Show that the four points having position vectors $6\hat{i}-7\hat{j},16\hat{i}-19\hat{j}-4\hat{k},3\hat{j}-6\hat{k},2\hat{i}-5\hat{j}+10\hat{k}$ are coplanar.

Answer 1

Let the given four points be $P,Q,R$ and $S$ respectively. Three points are coplanar if the vectors $\overrightarrow{PQ},\overrightarrow{PR}$ and $\overrightarrow{PS}$ are coplanar. These vectors are coplanar iff one of them can be expressed as a linear combination of the other two.

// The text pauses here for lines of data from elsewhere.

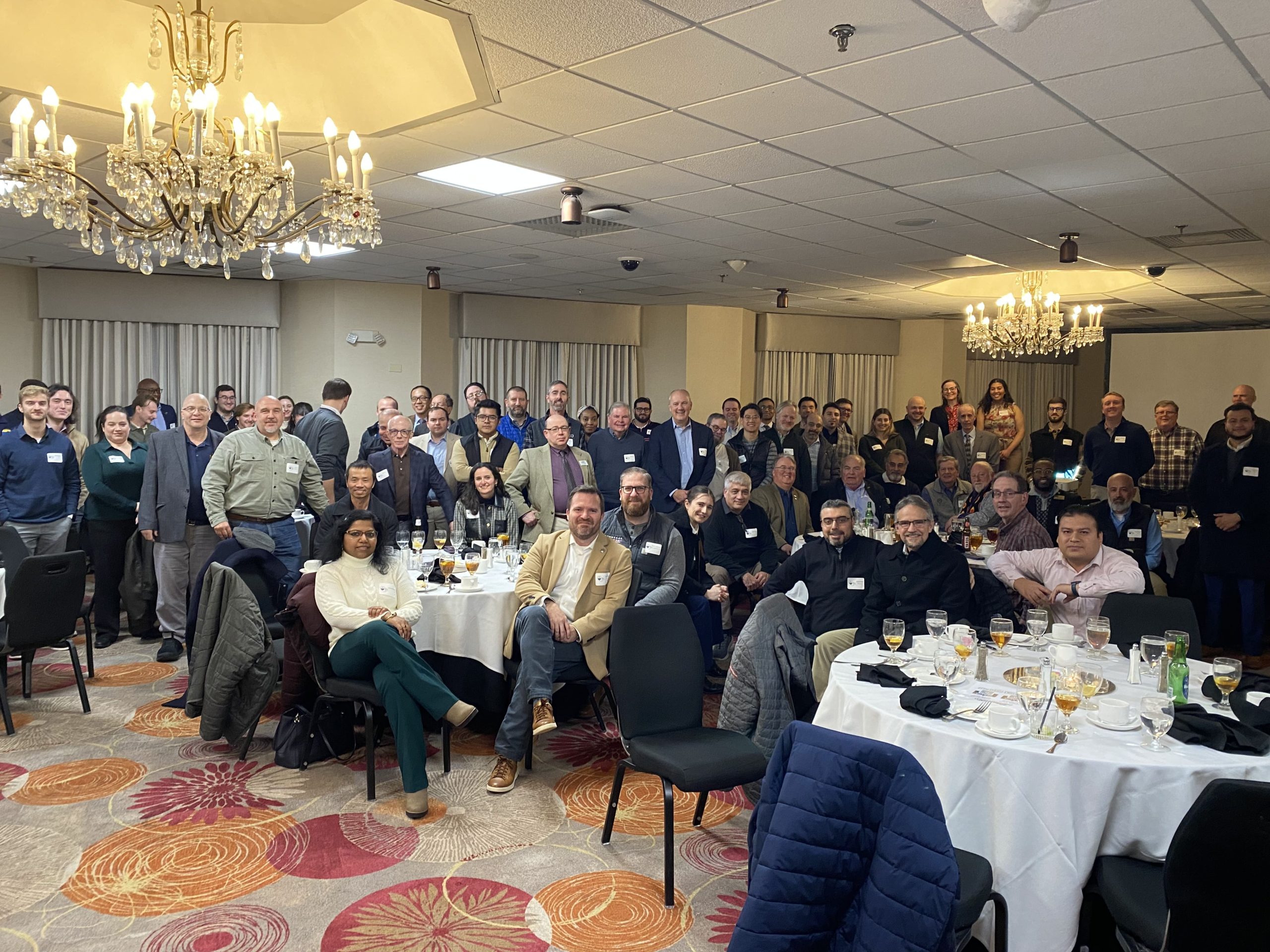 On Tuesday, January 20, 2026, over 70 DVGI members and friends DVGI welcomed the new year at our January Dinner Meeting. The meeting featured a presentation by Dr. George R. Koerner, PhD, PE, CQA, F.ASCE., Director of the Geosynthetic Institute (GSI), on the Lifetime Predictions of Exposed HP-TRM and Geogrids Used on MSE Structures.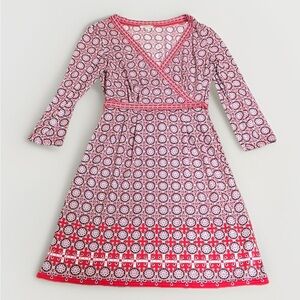 Max Studio Faux Wrap Print Stretch Dress Red Black Blue sz L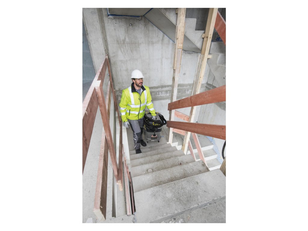 Na stavbách a v dielňach vzniká každý deň nebezpečný jemných prach rôzneho druhu, ktorý sa čiastočne môže dostať do pľúc. Vďaka novému plne automatickému oklepu filtra odstráni náš kompaktný mokro-suchý vysávač 30/1 Tact Te M skutočne veľké množstvá jemného prachu pri súčasne zaručenej 99,9 percentnej efektívnosti filtrácie. Oklep filtra a sací výkon pritom nepretržite kontroluje a reguluje elektronika ovládaná senzormi. Vďaka integrovanej prístrojovej zásuvke s automatickým zapínaním, ako aj kompletnému antistatickému systému (vrátane vodivého príslušenstva) sa tento stroj hodí hlavne na priame odsávanie elektronáradia produkujúceho prach. Prach usadený na podlahe alebo strojoch je možné pomocou novo vyvinutého príslušenstva, ktoré sa bezpečne odkladá na stroji, dôkladne a kompletne nasať do pevnej 30-litrovej nádoby s kovovými otočnými kolieskami a nárazníkom.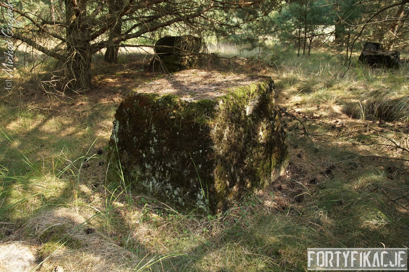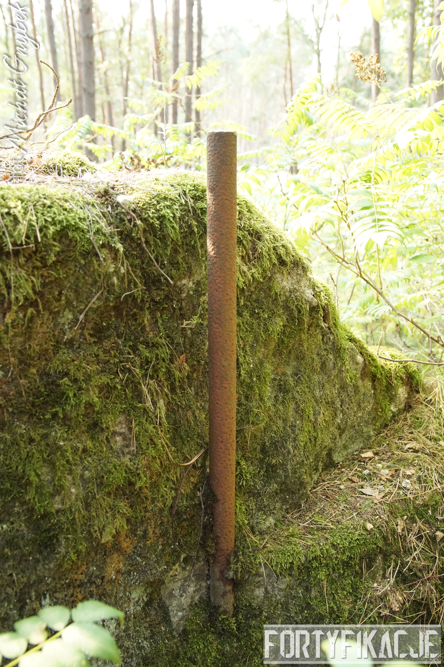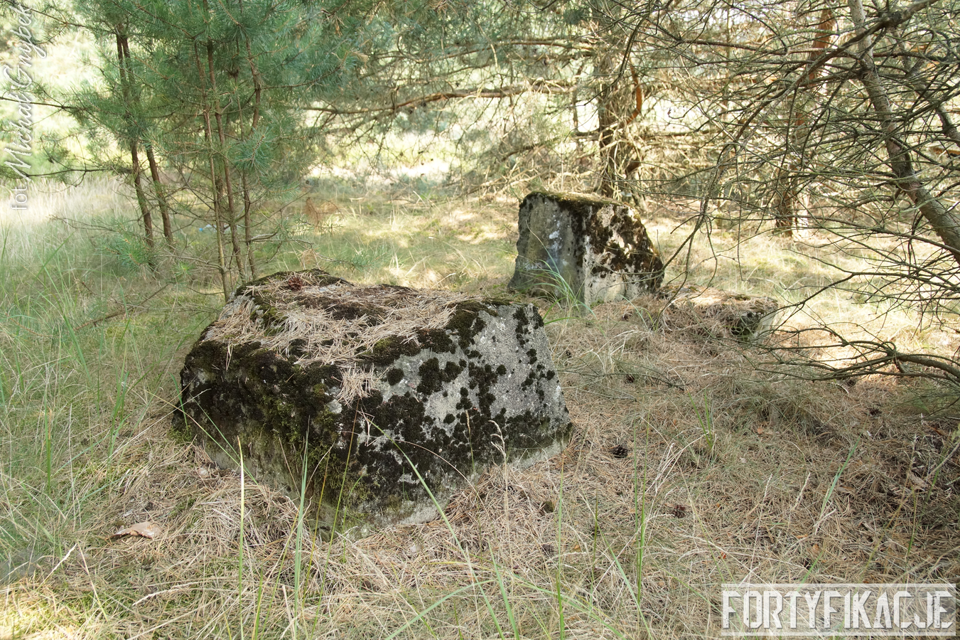 Druga podstawa pod radar śledzący FuMG-65 Würzburg-Riese, mimo że zniszczona, to pod paroma względami wydaje się ciekawsza. Zniszczenia - trudno powiedzieć jaka była ich geneza - odsłoniły ciekawe elementy konstrukcyjne. Zostały odsłonięte kotwy na których osadzona była platforma radaru. Rozłupane kęsy żelbetu odsłaniają również skromne jego zbrojenie składające się ze splecionych ze sobą dwóch prętów.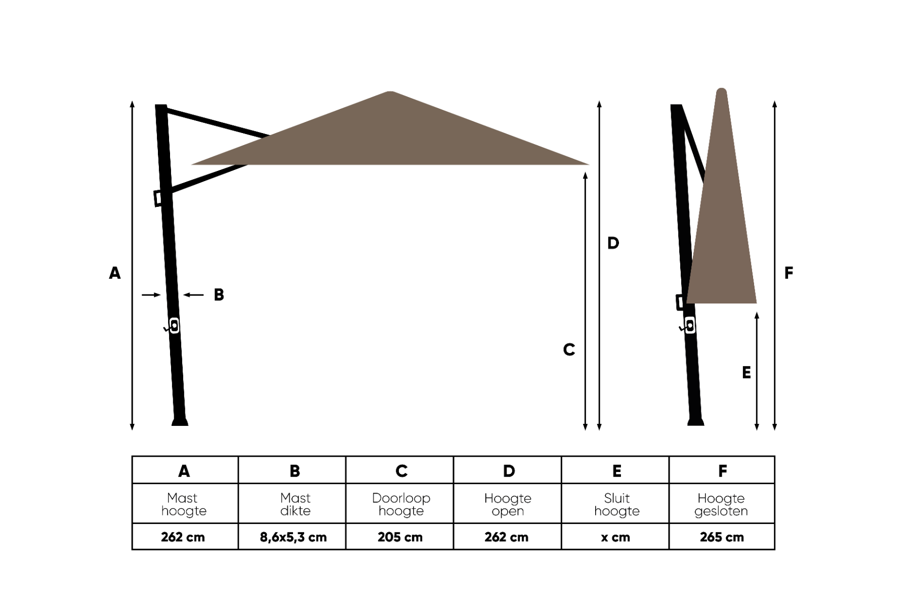 Eigenschappen Platinum Challenger Zweefparasol T2 Premium Glow 3x3 m. - Havana Taupe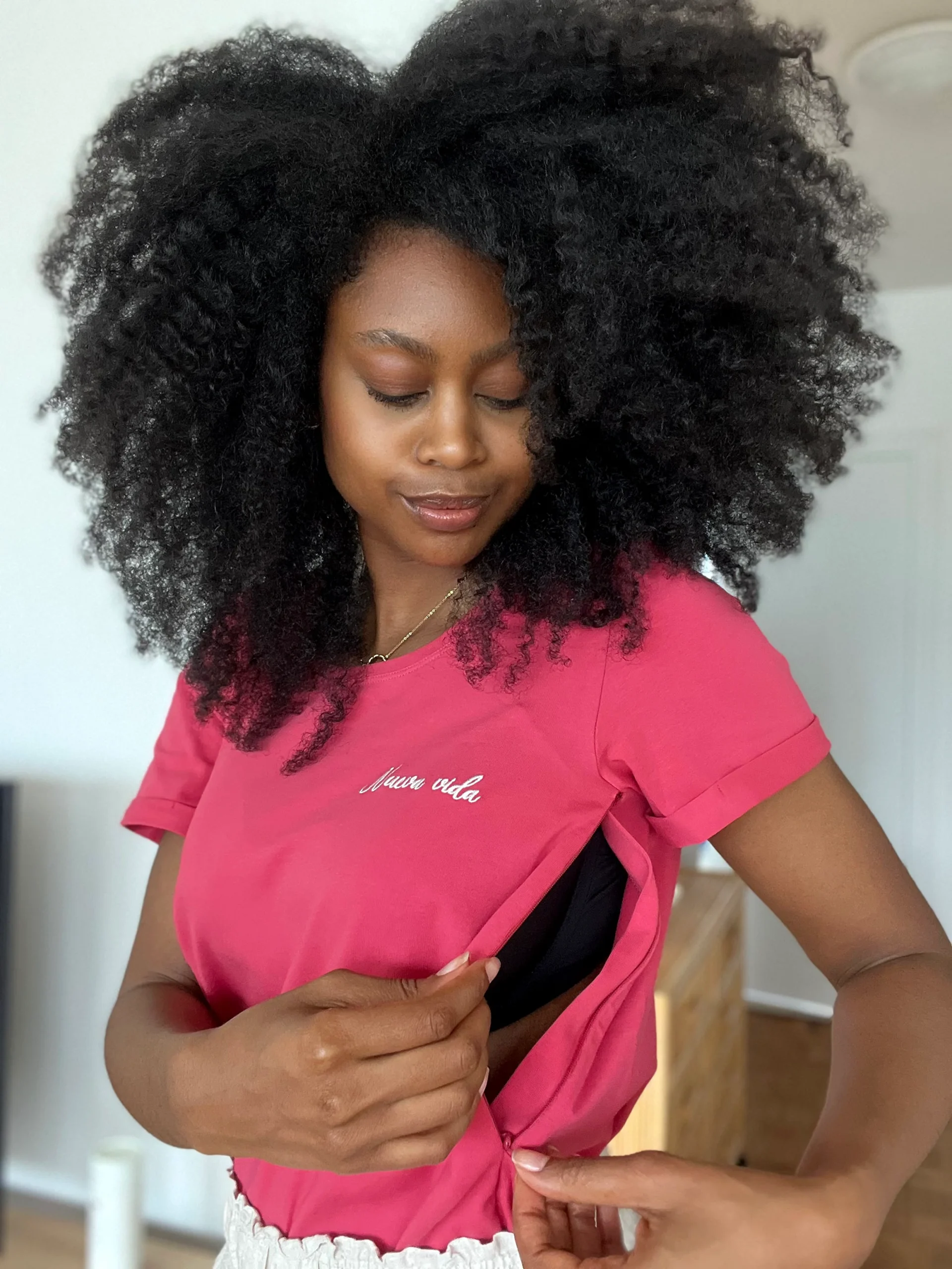 T-shirt d’allaitement coton biologique – Nueva Vida | Corail épicé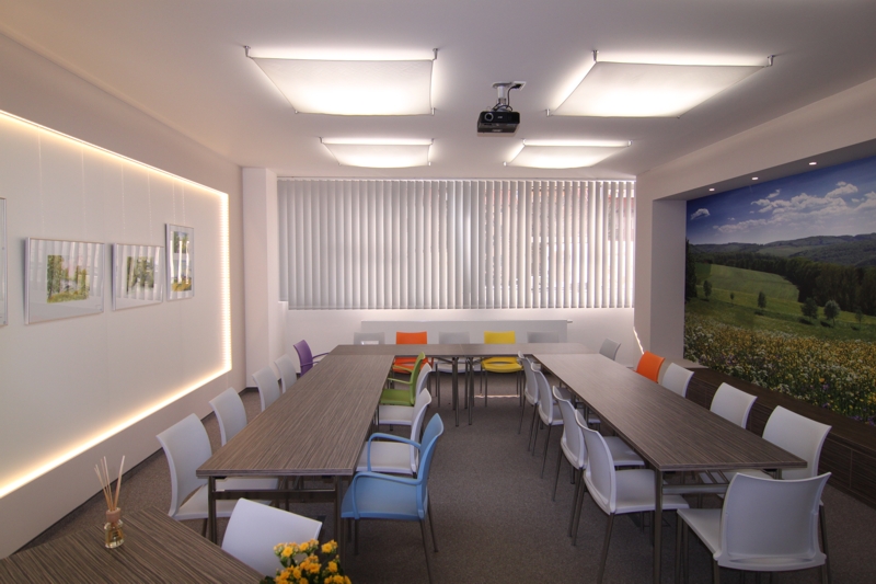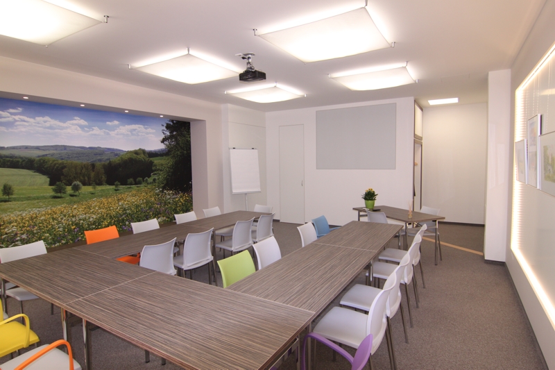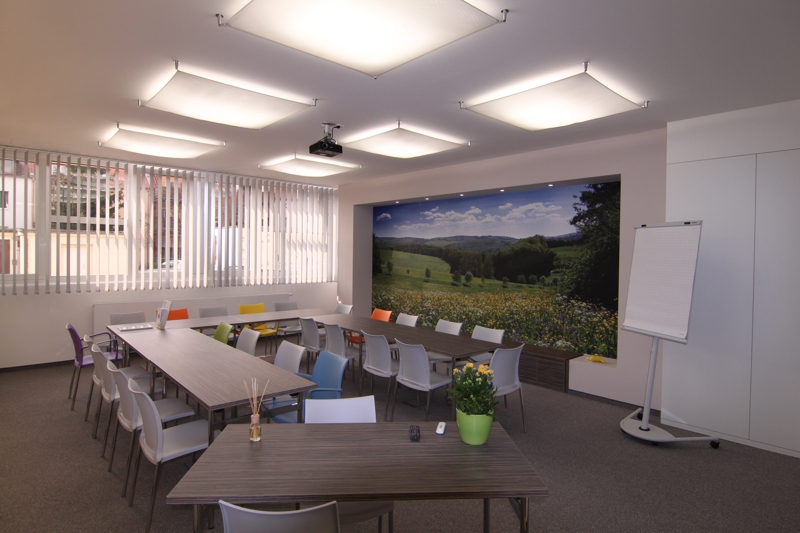 Durch die Schaffung einer positiven und offenen Atmosphäre wird die Aufnahmefähigkeit und kreative Teilnahme der Seminarteilnehmer angeregt. Die Installation einer Galeriewand ermöglicht die Präsentation ortsansässiger Künstler und zeigt damit die lokale Verbundeheit des Unternehmens.

So, let
$$\begin{gathered} \overrightarrow{PQ}=x\overrightarrow{PR}+y\overrightarrow{PS}. \\ 10\hat{i}-12\hat{j}-4\hat{k}=x\left(-6\hat{i}+10\hat{j}-6\hat{k}\right)+y\left(-4\hat{i}+2\hat{j}+10\hat{k}\right). \\ \Rightarrow 10\hat{i}-12\hat{j}-4\hat{k}=\hat{i}\left(-6x-4y\right)+\hat{j}\left(10x+2y\right)+\hat{k}\left(-6x+10y\right). \end{gathered}$$
$\Rightarrow -6x-4y=10,10x+2y=-12$ and $-6x+10y=-4.$ [ Equating coefficients of $\hat{i},\hat{j},\hat{k}$ on both sides]
Solving the first of these three equations, we get $x=-1$ and $y=-1$. These values also satisfy the third equation.
Hence, the given four points are coplanar.